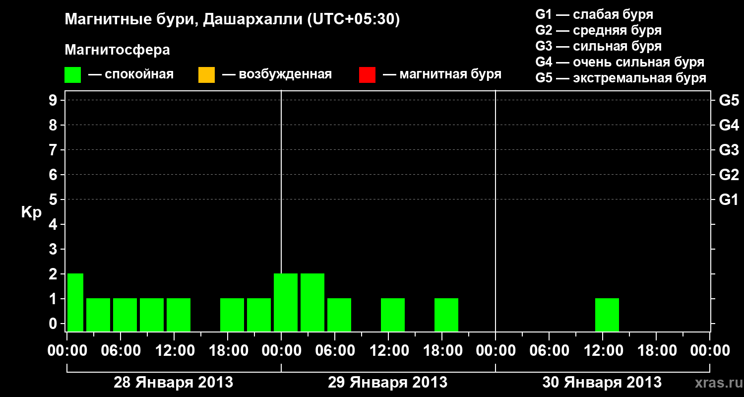 Изменения геомагнитного индекса Kp с 28 по 30 января 2013 года для средних широт
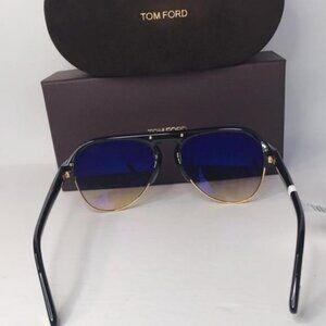 Tom Ford MARSHALL FT 0929 Shiny Black/Grey Brown Shaded 58/16/145 unisex Sunglasses Details Styled with gold accents surrounding the frame, these sunglasses are finished with the brand's signature T temple detail. Gradient lenses Plastic/polycarbonate Made in Italy SIZE 58mm lens width 16mm bridge width 145mm temple length
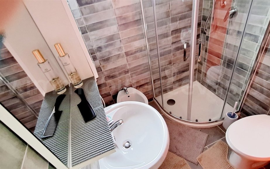 una signorile e raffinato bagno finestrato completo di box doccia.
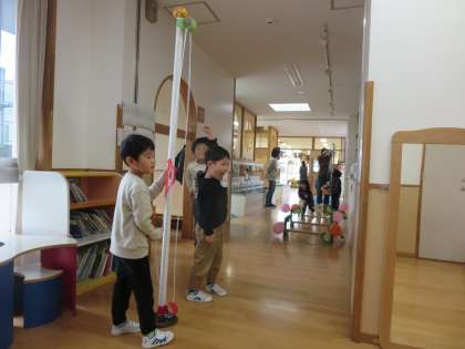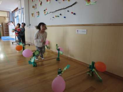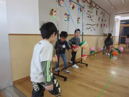 マリオワールドでは海の中のアイテムをジャンプしながらゲットする・動くこうらをよける・パックンフラワーをジャンプする・くりぼーをタッチする・ゴールの旗をあげる遊びがあります。こうらを動かしてあてる係や旗を戻す係もあり、子供たちがいろいろなコーナーで関わりながら遊んでいます。落ちないように、あたらないように…ハラハラドキドキが楽しくて、体を動かすことが大好きなすみれ組は大盛り上がりです。
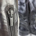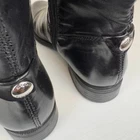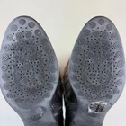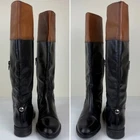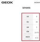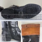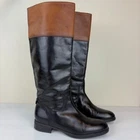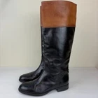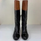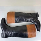 Pull on boot that is breathable and comfortable. Leather upper and insole with polyurethane outsole material. Knee high boots feature black boot with top band in cognac brown. Inside zippers for easy on and off. Round toe and block heel. Silver metal GEOX logo attached to back of boot. SIZE: These are marked a 38 EU, which is equivalent to a US size 8 according to the Geox website size guide (see last image) COLOR: Black, brown MATERIAL CONTENT: Leather Upper / Polyurethane Outsole / Leather Lining STYLE: D83P8K COO: India CONDITION: Very good pre-owned condition with signs of wear to leather upper, including some scuffing and some marks on brown part. Black has rubbed off the zippers in some spots, and there are signs of wear to outsole. Please see photos for details. MEASUREMENTS (approximate; see photos) Heel to Toe Outer: 9.25" Heel Height: 1" Shaft Width Flat Measurement at Top: 6.75" If you have any questions, please don’t hesitate to ask. Thanks for viewing our listing! Equestrian, old money, stylish, comfort, two-tone, British countryside
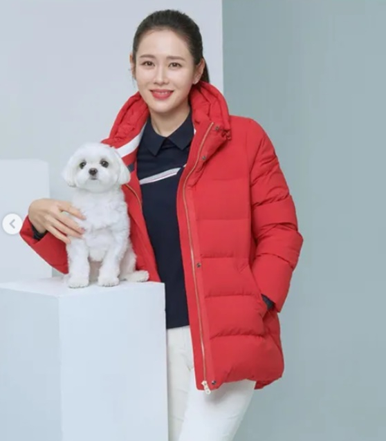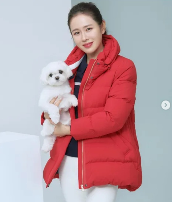 손예진은 키티를 안고 환하게 미소 짓고 있다. 빨간색 패딩을 입고 머리를 묶은 손예진은 임신 후 볼살이 통통하게 올라 더 어려진 모습. 여진히 아름다운 미모가 시선을 사로잡는다. 키티는 엄마 손예진을 닮은 듯 예쁜 얼굴과 새초롬한 표정, 셀럽견 다운 포즈로 귀여움을 자아낸다.
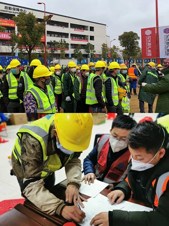 由于湖北省内各地实行封城,来自湖北各地的管理人员和班组人员无法离开居住地前往武汉。随着王瑞羽主动请缨,陆续收集湖北籍管理人员和劳务班组个人信息,并为他们协调开出援建介绍信,各路参建者凭着这一纸召集令和通行证,湖北各地关卡纷纷为建设者开启绿灯,确保建设者们尽快到达现场工作。
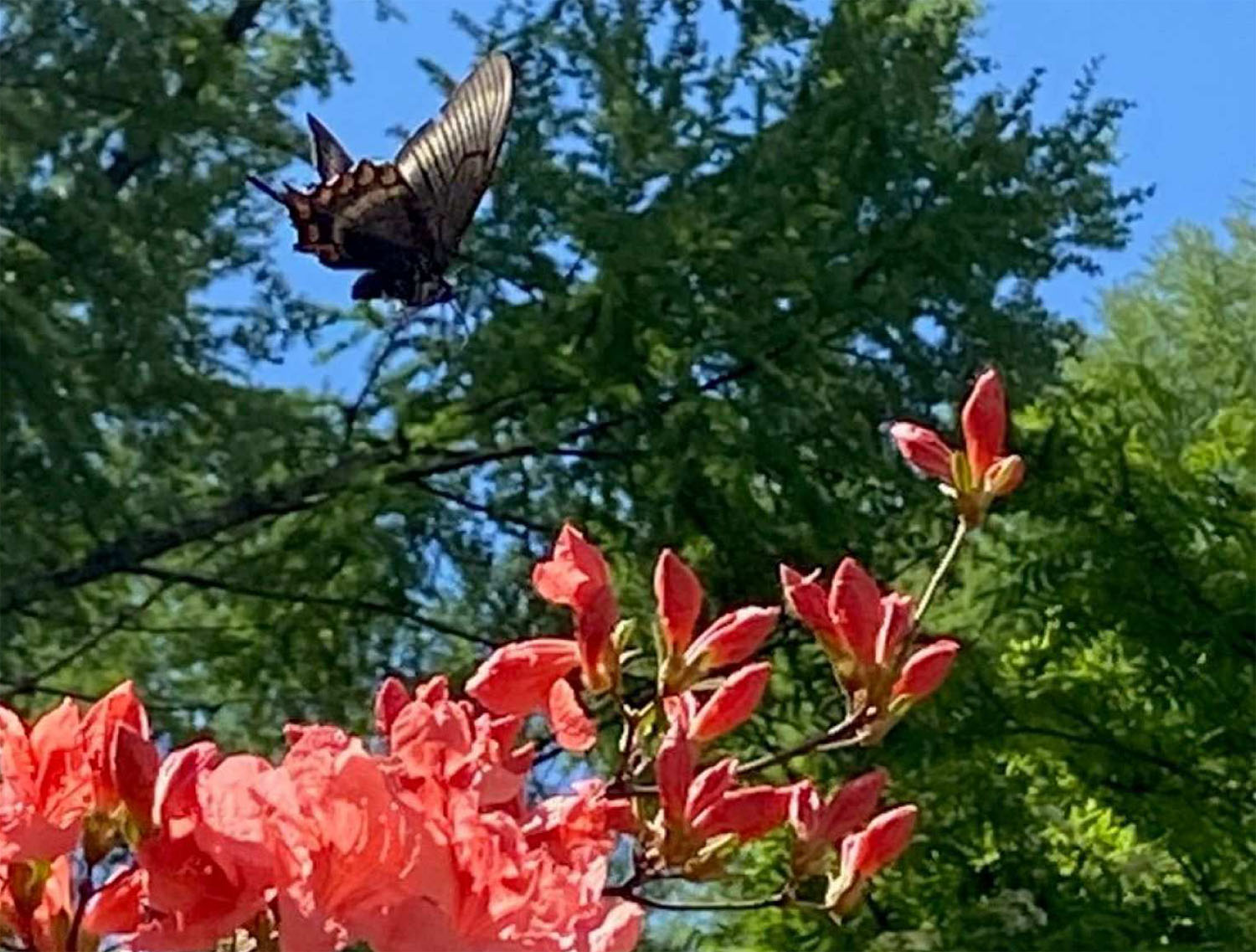 大勢の働き蜂を連れて新しい巣を探しに飛び立ちます。
---*---
The exact lines from the beginning of the data through the one that contains "マリオワールドでは海の中のア" must be given again, both ends included, and pictures must be left out.

Output below:
 Изменения геомагнитного индекса Kp с 28 по 30 января 2013 года для средних широт
 Tom Ford MARSHALL FT 0929 Shiny Black/Grey Brown Shaded 58/16/145 unisex Sunglasses Details Styled with gold accents surrounding the frame, these sunglasses are finished with the brand's signature T temple detail. Gradient lenses Plastic/polycarbonate Made in Italy SIZE 58mm lens width 16mm bridge width 145mm temple length
 una signorile e raffinato bagno finestrato completo di box doccia.
 マリオワールドでは海の中のアイテムをジャンプしながらゲットする・動くこうらをよける・パックンフラワーをジャンプする・くりぼーをタッチする・ゴールの旗をあげる遊びがあります。こうらを動かしてあてる係や旗を戻す係もあり、子供たちがいろいろなコーナーで関わりながら遊んでいます。落ちないように、あたらないように…ハラハラドキドキが楽しくて、体を動かすことが大好きなすみれ組は大盛り上がりです。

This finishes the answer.